Вначале была подлая мысль сказать родителям, что улетел в Уфу или Казань, а самому отсидеться в гостинице Ижевска. Отоспаться, наконец. Но позвонил тетке. Потом разбирался с мотивами. Наверное, все-таки эгоизм. Мне кажется, что в Воткинске я получу ту самую дозу тестостерона.

Моя дядя… Ну он такой. На медведя похож, как это не банально. У него внутри постоянно кипит нефть, но он не дает ей выхода. А потом с первой рюмкой… Это как пробивающий летку металлург, только там лава озаряет цех, а тут черная вязкая энергия подсознания гасит всех вокруг. Помню, как он долго держал меня десятилетнего за ладони своими лапами и внушал мужицкий дзэн. Я в сравнении с ним - дрищ, бздун, беспозвоночное.

Последний раз я у него был четырнадцать лет назад.

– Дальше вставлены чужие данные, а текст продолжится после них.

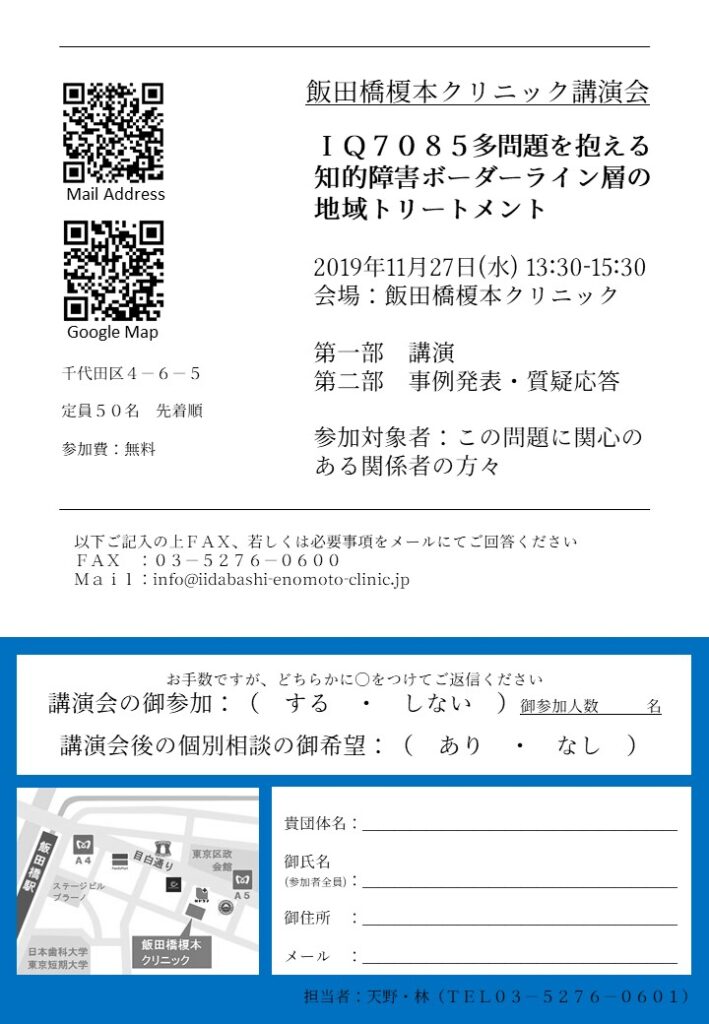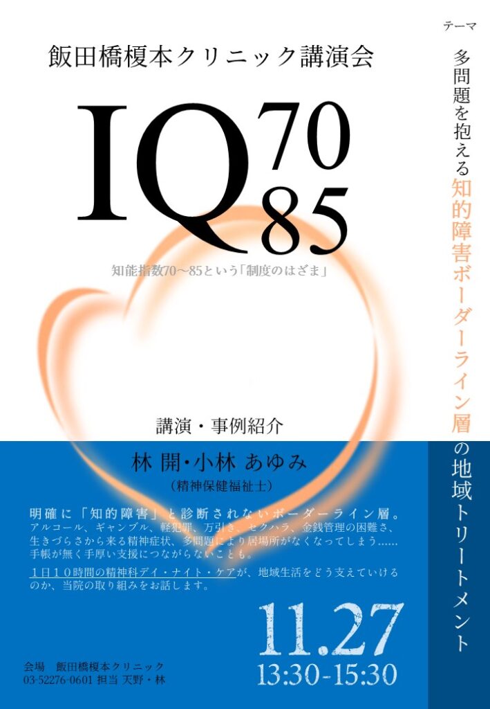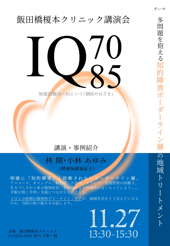 【2019.11.27(水)】飯田橋講演会:IQ7085多問題を抱える知的障害ボーダーライン層の地域トリートメント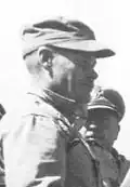 The 1st Marines next battle was its bloodiest yet – the Battle of Peleliu. The regiment landed on September 15, 1944, as part of the 1st Marine Division's assault on the island. The division's commanding general, Major General William H. Rupertus had predicted the fighting would be, "...tough but short. It'll be over in three of four days – a fight like Tarawa. Rough but fast. Then we can go back to a rest area.".[11]During the Battle of Peleliu, the regiment was decimated by heavy artillery and accurate small arms fire in the vicinity of Bloody Nose Ridge. Repeated frontal assaults with fixed bayonets failed to unseat the Japanese defenders from the 14th Division (Imperial Japanese Army).[12] The 1st Marines fought on Peleliu for 10 days before being pulled off the lines after suffering 58% casualties and no longer being combat effective.[13] Ten days of fighting on Peleliu cost the 1st Marine Regiment 1,749 casualties.[14]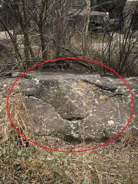 Blue arrow is crack in boulder that can be seen in the "Then" view.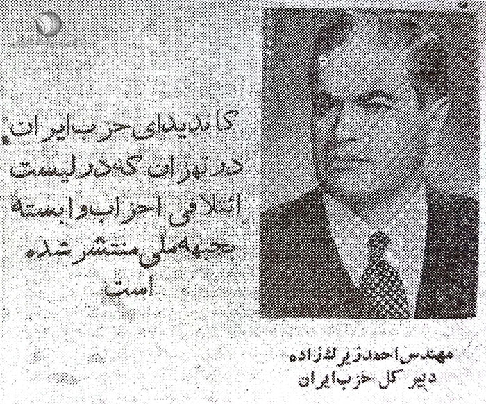 [27] حزب ایران، حزبی ملیگرا و از احزاب عمده جبهه ملی بود که سیاستمداران برجستهای نظیر اللهیار صالح، کریم سنجابی، احمد زیرکزاده، کاظم حسیبی و شاپور بختیار در کنار برخی دیگر از تحصیلکردگان دانشگاههای اروپا و آمریکا در این حزب فعال بودند. برای مطالعه بیشتر رجوع کنید به: «نگاهی به تأسیس و اقدامات حزب ایران»، سایت مرکز بررسی اسناد تاریخی.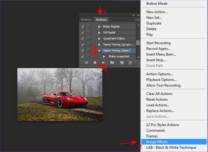 go to Window --- Action platte ---- Image Effect ------ Sepia Tonning layer ---- play selection -----Done
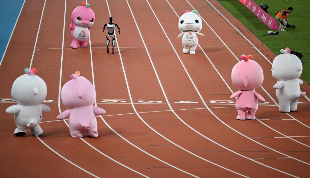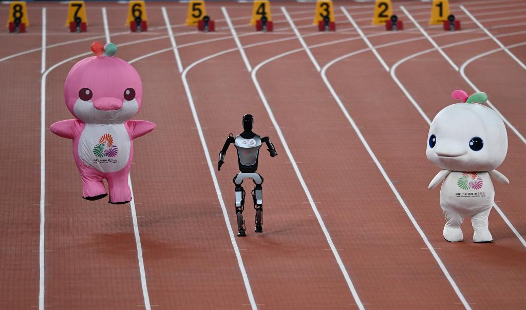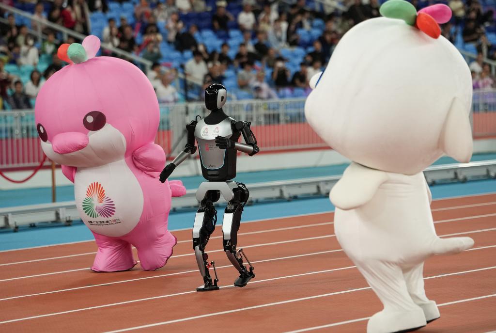 11月17日,在田径项目赛事开端前的暖场活动中,机器人和吉祥物喜洋洋、乐融融在广东奥体中心体育场赛跑。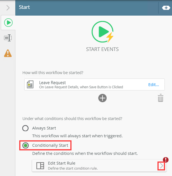 Create a workflow and configure the Conditional Start Rule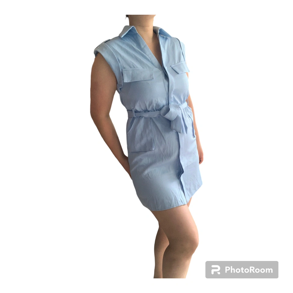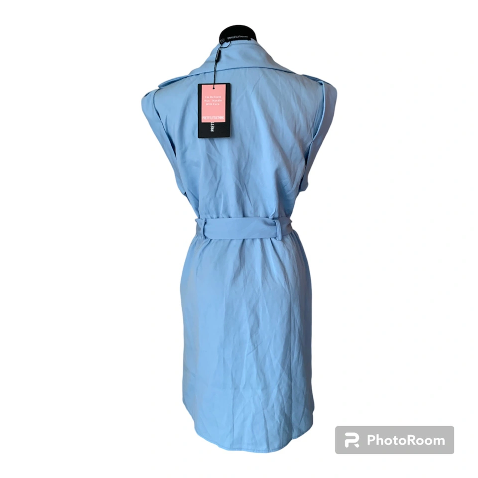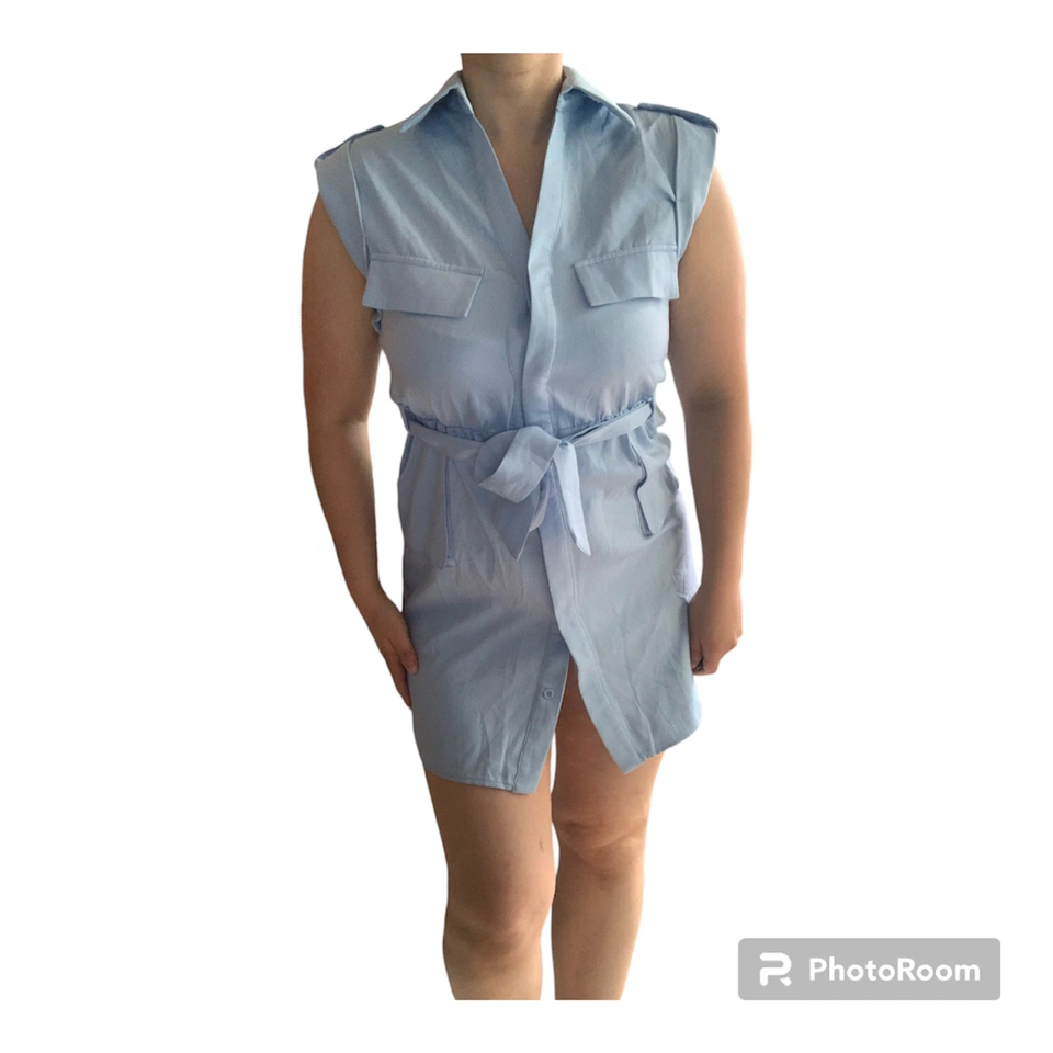 Item: Blue Tie Waist Pocket Detail Sleeveless Utility Bodycon Dress Condition: 10/10! New! Tag still on. Never worn! Designer: PLT Details: .Figure-hugging utility dress .Featuring a cornflower blue material with a tie waist design and pocket detailing .tie-waist belt can be removed Material: 100% Polyester Size in Inches: Small - Medium US/CA size 8 UK 8 EU 36 Bust: 17 Waist: 15 Shoulders: 17 Length of Dress: 33

Он поставил меня в ботинки, сгреб в охапку и понёс в рюмочную. Дверь открылась, на меня упал человек. Мы пили мутное пиво, а потом водку прямо на круглом пластиковом столе в магазине. Продавщица в изнеможении терлась лоном о прилавок. Я ударил плохо пахнущего человека в меховую шапку. Упал и поранил ладонь о селедочный скелет. Грелся на трубах теплотрассы. Закусывал снегом. Лазил за солеными рядовками в погреб. Карабкался вверх по сетке-рабице. Потел. Рыгал. Сплевывал.

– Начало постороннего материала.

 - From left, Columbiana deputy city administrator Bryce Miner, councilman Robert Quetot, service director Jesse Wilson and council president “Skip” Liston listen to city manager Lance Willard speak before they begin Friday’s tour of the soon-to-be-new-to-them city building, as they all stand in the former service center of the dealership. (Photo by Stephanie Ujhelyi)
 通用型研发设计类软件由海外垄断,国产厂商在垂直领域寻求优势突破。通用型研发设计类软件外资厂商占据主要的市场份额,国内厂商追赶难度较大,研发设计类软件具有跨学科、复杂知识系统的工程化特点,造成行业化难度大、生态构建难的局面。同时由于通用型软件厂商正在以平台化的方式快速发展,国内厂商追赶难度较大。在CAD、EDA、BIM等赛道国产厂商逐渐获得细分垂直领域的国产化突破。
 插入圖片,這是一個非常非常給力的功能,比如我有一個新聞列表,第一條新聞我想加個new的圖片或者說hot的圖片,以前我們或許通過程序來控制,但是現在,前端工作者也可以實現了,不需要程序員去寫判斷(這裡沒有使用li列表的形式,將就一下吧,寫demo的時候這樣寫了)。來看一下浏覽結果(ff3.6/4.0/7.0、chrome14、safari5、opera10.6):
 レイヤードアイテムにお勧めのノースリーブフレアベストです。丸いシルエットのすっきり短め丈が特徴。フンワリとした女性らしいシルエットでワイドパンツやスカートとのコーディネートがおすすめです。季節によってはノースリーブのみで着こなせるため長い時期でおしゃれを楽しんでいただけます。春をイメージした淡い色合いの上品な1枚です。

А когда вернулся домой, поехал к Натали в Малоярославец, ждал четыре часа, дождался, схватил и отымел прямо в холодном подъезде. Было неудобно, немного больно и адски приятно. Она не сопротивлялась, только удивленно хлопала глазами: кто ты?! Это ты?!

А может не тестостерон? Дауншифтинг? Забыть, а лучше осознать переоцененные (переоценить осознанные?) терзания о сорванных сделках, невозвратной дебиторке, ошибках в найме. Идти, качаясь по холмистому Воткинску и: «Р-р-р-р, бля!» и «С дороги, нах!»

И вот я вылезаю из прокуренной приоры на улице Зверева, и неожиданно «тыкаю» таксисту (вот она нефть, поперла уже…). Иду в магазин и беру пол-литра «белуги». Что торопиться? Мы сюда еще вернемся. Зимняя ночь длинная.

С похмелья

Проснуться в шесть утра. Хлопая ресницами, отогнать эхо головной боли. Встать. Пойти на кухню. Выпить стакан холодного молока. Смотреть в окно на серое утро. Перебирать в памяти разрозненные картинки вчерашнего вечера, все почему-то в технике сепии: ряд блеклых фонарей, ручка старого холодильника, куча щебня, почтовый ящик. Пытаться выстроить хронологию, что с начала? Огни, куча, ручка или ящик? Еще забор из сетки-рабицы, вот это уже совсем непонятно куда (преследуют меня заборы эти…)…

И еще бессмысленные слова отдают в голову с отчетливым ритмом: тра-та-та, тра-та-та… Что это?

Заметить почерневший ноготь на безымянном пальце. Удивиться. Выпить два стакана воды. Вернуться в постель. Жена откроет глаза, засмеется.

- Ты себя помнишь?

- Не очень.

- Софке собирал шкаф.

- Собрал?

- Не видела. Сериал смотрела. Поспим еще.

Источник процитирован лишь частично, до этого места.